=== Begin Enclosure ===

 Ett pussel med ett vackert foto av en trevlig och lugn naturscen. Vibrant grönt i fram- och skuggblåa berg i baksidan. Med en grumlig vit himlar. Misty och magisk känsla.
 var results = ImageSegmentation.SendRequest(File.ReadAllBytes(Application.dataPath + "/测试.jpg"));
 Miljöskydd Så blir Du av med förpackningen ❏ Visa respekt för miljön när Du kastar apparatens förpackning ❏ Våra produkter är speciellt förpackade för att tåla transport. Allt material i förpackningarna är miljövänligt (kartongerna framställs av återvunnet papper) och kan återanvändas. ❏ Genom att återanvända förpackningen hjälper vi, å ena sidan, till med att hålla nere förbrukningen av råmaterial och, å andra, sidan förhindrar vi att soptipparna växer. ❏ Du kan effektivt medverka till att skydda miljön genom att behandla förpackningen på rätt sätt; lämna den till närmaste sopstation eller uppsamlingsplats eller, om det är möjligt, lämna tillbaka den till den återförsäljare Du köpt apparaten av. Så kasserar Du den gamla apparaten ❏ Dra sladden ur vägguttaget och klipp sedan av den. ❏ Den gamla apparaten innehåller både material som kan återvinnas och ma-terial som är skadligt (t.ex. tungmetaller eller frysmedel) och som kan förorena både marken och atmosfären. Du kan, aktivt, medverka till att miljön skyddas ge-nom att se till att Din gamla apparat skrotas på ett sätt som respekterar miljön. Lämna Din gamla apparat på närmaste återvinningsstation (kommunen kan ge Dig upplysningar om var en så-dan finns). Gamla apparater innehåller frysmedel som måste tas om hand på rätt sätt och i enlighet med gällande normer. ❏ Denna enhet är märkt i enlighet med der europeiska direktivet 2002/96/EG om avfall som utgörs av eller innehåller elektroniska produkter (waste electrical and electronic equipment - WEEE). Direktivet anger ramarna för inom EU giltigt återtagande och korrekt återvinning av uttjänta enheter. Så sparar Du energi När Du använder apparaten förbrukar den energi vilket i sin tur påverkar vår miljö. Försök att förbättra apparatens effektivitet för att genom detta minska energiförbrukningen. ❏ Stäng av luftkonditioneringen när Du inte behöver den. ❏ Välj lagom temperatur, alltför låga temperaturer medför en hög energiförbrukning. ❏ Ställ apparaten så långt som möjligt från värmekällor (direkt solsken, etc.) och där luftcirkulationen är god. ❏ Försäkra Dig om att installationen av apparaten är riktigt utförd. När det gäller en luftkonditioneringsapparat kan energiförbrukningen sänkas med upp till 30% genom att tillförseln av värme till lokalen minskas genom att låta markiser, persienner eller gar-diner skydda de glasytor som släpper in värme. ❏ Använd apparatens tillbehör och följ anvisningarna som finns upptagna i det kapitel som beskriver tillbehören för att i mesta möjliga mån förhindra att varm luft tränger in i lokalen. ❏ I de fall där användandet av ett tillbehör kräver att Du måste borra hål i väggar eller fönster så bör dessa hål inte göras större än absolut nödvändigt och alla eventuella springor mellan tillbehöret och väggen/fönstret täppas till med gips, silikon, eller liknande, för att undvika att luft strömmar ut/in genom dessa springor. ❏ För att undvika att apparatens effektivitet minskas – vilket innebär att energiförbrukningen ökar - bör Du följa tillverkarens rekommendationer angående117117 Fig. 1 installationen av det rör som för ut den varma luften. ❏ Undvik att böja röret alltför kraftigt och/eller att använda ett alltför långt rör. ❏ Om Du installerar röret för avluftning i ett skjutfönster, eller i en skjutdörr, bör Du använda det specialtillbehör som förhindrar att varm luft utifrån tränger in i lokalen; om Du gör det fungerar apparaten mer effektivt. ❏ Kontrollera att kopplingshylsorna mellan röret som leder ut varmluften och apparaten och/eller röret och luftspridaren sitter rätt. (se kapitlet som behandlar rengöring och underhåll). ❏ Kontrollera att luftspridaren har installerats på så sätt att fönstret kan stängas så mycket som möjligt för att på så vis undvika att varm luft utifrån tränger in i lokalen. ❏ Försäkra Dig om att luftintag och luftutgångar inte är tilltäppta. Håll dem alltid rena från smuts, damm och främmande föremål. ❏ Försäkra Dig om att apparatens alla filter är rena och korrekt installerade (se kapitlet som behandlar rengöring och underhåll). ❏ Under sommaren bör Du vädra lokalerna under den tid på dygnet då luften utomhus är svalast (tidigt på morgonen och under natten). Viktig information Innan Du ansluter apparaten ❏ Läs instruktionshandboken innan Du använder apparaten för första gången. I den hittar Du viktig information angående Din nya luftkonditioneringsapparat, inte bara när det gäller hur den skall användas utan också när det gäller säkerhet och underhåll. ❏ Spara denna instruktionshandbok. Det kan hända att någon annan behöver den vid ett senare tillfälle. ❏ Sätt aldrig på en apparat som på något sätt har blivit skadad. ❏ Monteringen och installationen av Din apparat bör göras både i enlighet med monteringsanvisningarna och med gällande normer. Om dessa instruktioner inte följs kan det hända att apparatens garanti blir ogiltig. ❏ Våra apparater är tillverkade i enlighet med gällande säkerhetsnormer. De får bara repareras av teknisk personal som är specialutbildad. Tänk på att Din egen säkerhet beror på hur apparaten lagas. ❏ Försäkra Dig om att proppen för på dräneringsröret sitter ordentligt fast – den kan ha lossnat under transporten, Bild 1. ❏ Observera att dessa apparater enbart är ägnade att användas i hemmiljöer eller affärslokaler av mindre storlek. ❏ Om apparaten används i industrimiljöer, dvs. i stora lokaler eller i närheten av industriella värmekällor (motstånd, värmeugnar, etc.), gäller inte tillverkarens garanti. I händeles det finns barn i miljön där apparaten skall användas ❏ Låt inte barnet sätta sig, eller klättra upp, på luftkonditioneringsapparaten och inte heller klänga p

=== End Enclosure ===
=== Begin Enclosure ===

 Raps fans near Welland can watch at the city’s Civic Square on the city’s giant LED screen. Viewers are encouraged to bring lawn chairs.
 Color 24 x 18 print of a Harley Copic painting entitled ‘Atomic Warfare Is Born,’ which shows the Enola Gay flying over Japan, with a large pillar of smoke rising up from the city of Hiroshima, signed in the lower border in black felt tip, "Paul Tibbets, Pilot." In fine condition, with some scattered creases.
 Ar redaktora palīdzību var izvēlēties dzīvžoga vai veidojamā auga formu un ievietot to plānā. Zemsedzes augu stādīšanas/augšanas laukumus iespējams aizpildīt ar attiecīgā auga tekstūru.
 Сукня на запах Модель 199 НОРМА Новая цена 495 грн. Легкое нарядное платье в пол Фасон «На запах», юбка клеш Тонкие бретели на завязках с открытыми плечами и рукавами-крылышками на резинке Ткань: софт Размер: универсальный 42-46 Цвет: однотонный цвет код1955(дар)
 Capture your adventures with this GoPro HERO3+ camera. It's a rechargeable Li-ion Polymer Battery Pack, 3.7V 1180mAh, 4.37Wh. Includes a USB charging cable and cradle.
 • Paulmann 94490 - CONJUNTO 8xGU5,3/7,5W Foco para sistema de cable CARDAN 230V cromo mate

=== End Enclosure ===

--- BRIEF ---
Copy the entries above exactly, but only from the line holding "Ar redaktora palīdzību" through the line holding "230V cromo mate", both included.

--- RESPONSE FOR THIS EXERCISE ---
 Ar redaktora palīdzību var izvēlēties dzīvžoga vai veidojamā auga formu un ievietot to plānā. Zemsedzes augu stādīšanas/augšanas laukumus iespējams aizpildīt ar attiecīgā auga tekstūru.
 Сукня на запах Модель 199 НОРМА Новая цена 495 грн. Легкое нарядное платье в пол Фасон «На запах», юбка клеш Тонкие бретели на завязках с открытыми плечами и рукавами-крылышками на резинке Ткань: софт Размер: универсальный 42-46 Цвет: однотонный цвет код1955(дар)
 Capture your adventures with this GoPro HERO3+ camera. It's a rechargeable Li-ion Polymer Battery Pack, 3.7V 1180mAh, 4.37Wh. Includes a USB charging cable and cradle.
 • Paulmann 94490 - CONJUNTO 8xGU5,3/7,5W Foco para sistema de cable CARDAN 230V cromo mate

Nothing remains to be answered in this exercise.